Haddad é apontado como favorito de Lula para enfrentar Tarcísio de Freitas, atual governador de São Paulo, que tenta a reeleição pelo União Brasil. A confirmação sobre a candidatura ainda não foi anunciada oficialmente.

O MDB, partido de Tebet, tem domicílio eleitoral em Mato Grosso do Sul e tende a indicar Tebet para o Senado em São Paulo, movimento que exigiria mudança de legenda. O MDB deve apoiar a reeleição de Tarcísio.

Tebet também já recebeu convite para filiação ao PSB, conforme relatos para ampliar o campo de apoio a Haddad no estado. A articulação envolve alianças entre partidos da base governista.

Gleisi Hoffmann, da área institucional do PT, reforçou a cobrança pela candidatura de Haddad, sugerindo que o ministro da Fazenda participe da corrida.
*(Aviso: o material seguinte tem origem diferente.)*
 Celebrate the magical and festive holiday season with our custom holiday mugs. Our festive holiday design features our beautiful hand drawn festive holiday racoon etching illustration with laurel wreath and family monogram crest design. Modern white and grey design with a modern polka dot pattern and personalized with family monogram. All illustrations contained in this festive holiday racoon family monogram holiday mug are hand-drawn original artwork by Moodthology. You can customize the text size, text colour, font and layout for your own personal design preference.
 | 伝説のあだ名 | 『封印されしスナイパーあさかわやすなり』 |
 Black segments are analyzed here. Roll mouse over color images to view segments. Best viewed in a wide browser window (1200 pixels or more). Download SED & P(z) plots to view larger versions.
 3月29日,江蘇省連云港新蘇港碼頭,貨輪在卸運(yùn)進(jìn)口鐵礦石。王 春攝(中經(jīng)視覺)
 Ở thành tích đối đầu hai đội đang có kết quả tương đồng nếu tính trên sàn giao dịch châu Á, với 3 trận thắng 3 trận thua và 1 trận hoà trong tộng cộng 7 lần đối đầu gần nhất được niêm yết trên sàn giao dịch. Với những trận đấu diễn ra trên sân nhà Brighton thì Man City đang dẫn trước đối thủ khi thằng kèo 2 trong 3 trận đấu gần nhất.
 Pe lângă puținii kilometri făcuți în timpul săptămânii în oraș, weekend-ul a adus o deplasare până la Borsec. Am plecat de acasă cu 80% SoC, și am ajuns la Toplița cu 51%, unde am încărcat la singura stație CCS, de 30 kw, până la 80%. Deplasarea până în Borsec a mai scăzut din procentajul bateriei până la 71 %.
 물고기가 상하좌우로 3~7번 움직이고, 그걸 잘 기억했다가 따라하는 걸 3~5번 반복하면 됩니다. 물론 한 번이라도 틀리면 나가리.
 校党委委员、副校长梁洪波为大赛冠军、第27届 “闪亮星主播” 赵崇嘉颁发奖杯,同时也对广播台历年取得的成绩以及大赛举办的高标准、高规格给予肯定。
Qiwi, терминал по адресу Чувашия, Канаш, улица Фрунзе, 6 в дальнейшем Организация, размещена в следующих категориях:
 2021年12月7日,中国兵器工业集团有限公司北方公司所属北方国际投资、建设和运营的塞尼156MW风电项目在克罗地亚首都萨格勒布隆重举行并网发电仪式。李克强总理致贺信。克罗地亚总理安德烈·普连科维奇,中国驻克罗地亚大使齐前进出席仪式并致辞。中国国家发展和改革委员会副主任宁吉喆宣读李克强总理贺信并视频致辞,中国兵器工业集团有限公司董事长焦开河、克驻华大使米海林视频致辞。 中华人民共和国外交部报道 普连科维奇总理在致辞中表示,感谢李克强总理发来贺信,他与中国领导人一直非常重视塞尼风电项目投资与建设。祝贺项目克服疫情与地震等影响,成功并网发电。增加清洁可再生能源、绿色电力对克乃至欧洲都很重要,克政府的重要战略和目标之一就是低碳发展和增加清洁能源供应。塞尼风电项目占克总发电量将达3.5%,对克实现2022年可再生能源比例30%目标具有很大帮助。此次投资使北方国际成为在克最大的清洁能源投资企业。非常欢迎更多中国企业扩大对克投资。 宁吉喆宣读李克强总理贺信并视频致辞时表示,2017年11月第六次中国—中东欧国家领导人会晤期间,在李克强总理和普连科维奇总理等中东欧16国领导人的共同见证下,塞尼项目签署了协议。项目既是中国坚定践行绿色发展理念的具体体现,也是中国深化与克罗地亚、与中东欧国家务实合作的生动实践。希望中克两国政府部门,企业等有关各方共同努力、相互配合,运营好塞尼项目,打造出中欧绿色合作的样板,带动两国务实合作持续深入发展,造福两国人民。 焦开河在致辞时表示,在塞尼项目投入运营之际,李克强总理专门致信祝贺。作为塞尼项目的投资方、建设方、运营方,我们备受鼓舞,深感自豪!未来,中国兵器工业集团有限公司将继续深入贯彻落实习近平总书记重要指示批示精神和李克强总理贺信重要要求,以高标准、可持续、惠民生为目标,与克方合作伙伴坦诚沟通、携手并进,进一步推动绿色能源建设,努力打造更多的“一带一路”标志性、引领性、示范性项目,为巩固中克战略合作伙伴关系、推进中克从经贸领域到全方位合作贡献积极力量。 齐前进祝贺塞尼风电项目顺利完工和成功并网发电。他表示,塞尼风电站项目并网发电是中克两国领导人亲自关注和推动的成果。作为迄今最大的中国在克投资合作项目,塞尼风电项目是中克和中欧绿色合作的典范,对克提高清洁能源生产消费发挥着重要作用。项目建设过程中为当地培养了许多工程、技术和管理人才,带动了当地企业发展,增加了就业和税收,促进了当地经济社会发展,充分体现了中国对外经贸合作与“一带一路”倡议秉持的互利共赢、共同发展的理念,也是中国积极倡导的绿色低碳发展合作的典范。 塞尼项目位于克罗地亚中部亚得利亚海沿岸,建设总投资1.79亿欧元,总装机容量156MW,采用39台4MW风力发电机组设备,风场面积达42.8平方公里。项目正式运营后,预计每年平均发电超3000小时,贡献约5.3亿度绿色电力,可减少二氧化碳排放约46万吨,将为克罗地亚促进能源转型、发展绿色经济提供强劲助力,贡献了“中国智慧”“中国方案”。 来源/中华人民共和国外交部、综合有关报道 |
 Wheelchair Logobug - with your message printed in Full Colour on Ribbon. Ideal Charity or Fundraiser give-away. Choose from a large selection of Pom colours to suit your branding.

Camilo Santana, da Educação, disse que Haddad não pode decidir sozinho.

Segundo apuração, Haddad deve deixar a Fazenda ainda neste mês para se dedicar à campanha. A definição sobre qual cargo disputará ainda não tem data definida para ocorrer.

A decisão de Haddad sobre a candidatura depende de negociações internas e aliança com aliados no estado. O cenário aponta para uma ofensiva coordenada entre PT, PSB e outras siglas da base.